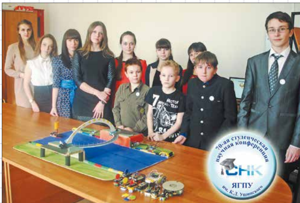
▼ Научная секция СИБ

ли своих виброботов, созданных по принципам BEAM – робототехники.
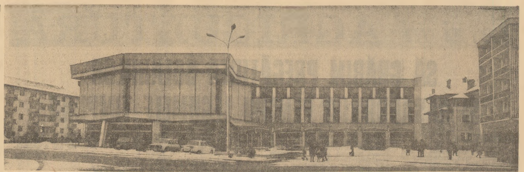
Noua Casa de cultură a sindicatelor din Cimpulung, județul Argeș

Una din cerințele principale ale acestor lucrări este de a forma o echipă de studenți care să dețină conținutul său teoretic. Și această cerință decurge tot din necesitatea pregătirii tineretului în strânsă legătură cu imperatiile producției și practicii sociale. Înțelegerea acestui sens al pregătirii științifice a studenților implică, înainte de toate, excluderea din cursuri și prelegeri, ca și din dezbaterile cu caracter de seminarizare, a celorlalte teme și probleme care nu prezintă decât un interes istoric limitat (sau uneori nici atât), care nu vor fi folosite în nici un fel conținutului lor de cunoștințe științifice.
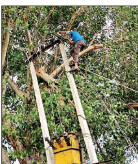
बिजली ठीक करता लाइनमैन।

अछल्दा। गुरुवार सुबह करीब 5 बजे गुनौली फीडर पर शिव मंदिर के पास एक विशाल बरगद का पेड़ 11 हजार वोल्ट की हाईटेशन लाइन पर गिर गया, जिससे करीब 20 गांवों की बिजली आपूर्ति ठप हो गई। बिजली गुल होने से इन्वर्टर, मोबाइल चार्जिंग और पानी की भारी समस्या खड़ी हो गई। बिजली विभाग की टीम शाम को मरम्मत कार्य में जुटी रही। करीब शाम 6 बजे लाइन दुरुस्त कर आपूर्ति बहाल की गई। इस दौरान भीषण गर्मी और उमस में ग्रामीण बेहाल रहे। बिजली बाधित होने से प्रभावित गांवों में महाराजपुर, वंशी, जखा,
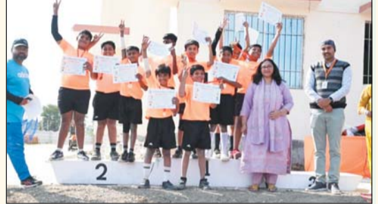
संवाददाता रोजनामा इंडो गुल्फ मो. अबु बकर सिद्दीकी
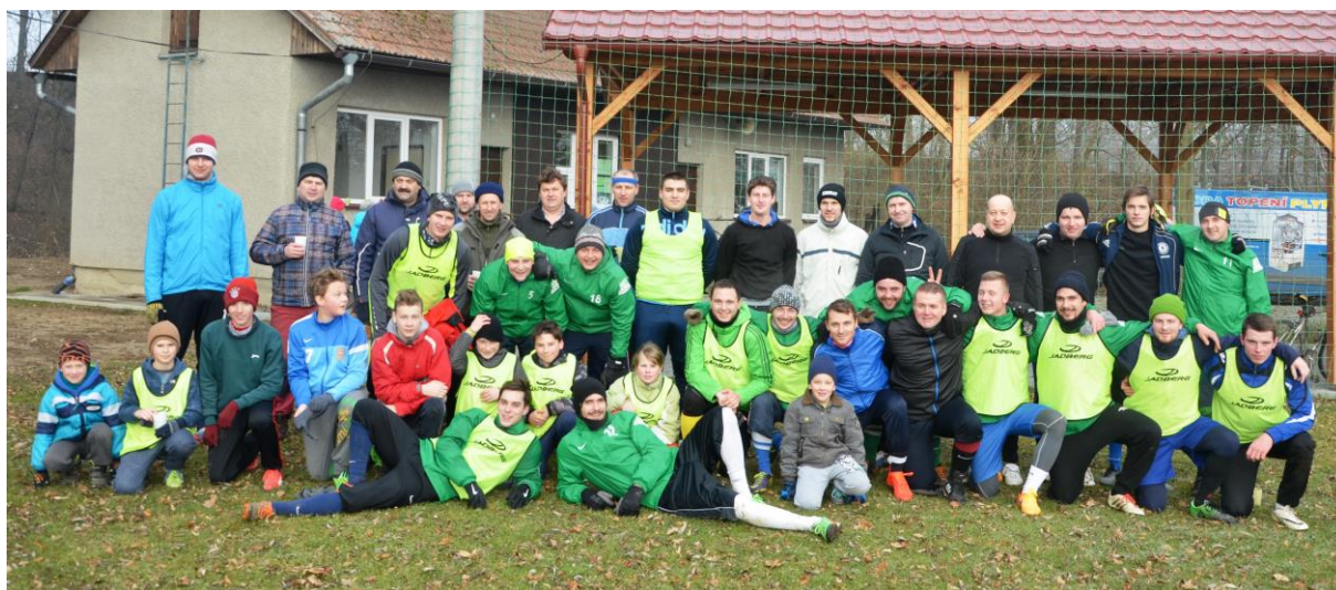
Silvestrovský fotbálek 31.12.2016

2.4.2017 15:00 Kladeruby – Janová (1. mistrovské utkání jara)
◇ ◇ ◇ ◇
EXERCISE: Please write out, word for word, each line from the one with "बिजली ठीक करता लाइनमैन।" to the last line of the data, keeping both ends and omitting pictures.

RESULT OF THE TASK:
बिजली ठीक करता लाइनमैन।

अछल्दा। गुरुवार सुबह करीब 5 बजे गुनौली फीडर पर शिव मंदिर के पास एक विशाल बरगद का पेड़ 11 हजार वोल्ट की हाईटेशन लाइन पर गिर गया, जिससे करीब 20 गांवों की बिजली आपूर्ति ठप हो गई। बिजली गुल होने से इन्वर्टर, मोबाइल चार्जिंग और पानी की भारी समस्या खड़ी हो गई। बिजली विभाग की टीम शाम को मरम्मत कार्य में जुटी रही। करीब शाम 6 बजे लाइन दुरुस्त कर आपूर्ति बहाल की गई। इस दौरान भीषण गर्मी और उमस में ग्रामीण बेहाल रहे। बिजली बाधित होने से प्रभावित गांवों में महाराजपुर, वंशी, जखा,
संवाददाता रोजनामा इंडो गुल्फ मो. अबु बकर सिद्दीकी
Silvestrovský fotbálek 31.12.2016

2.4.2017 15:00 Kladeruby – Janová (1. mistrovské utkání jara)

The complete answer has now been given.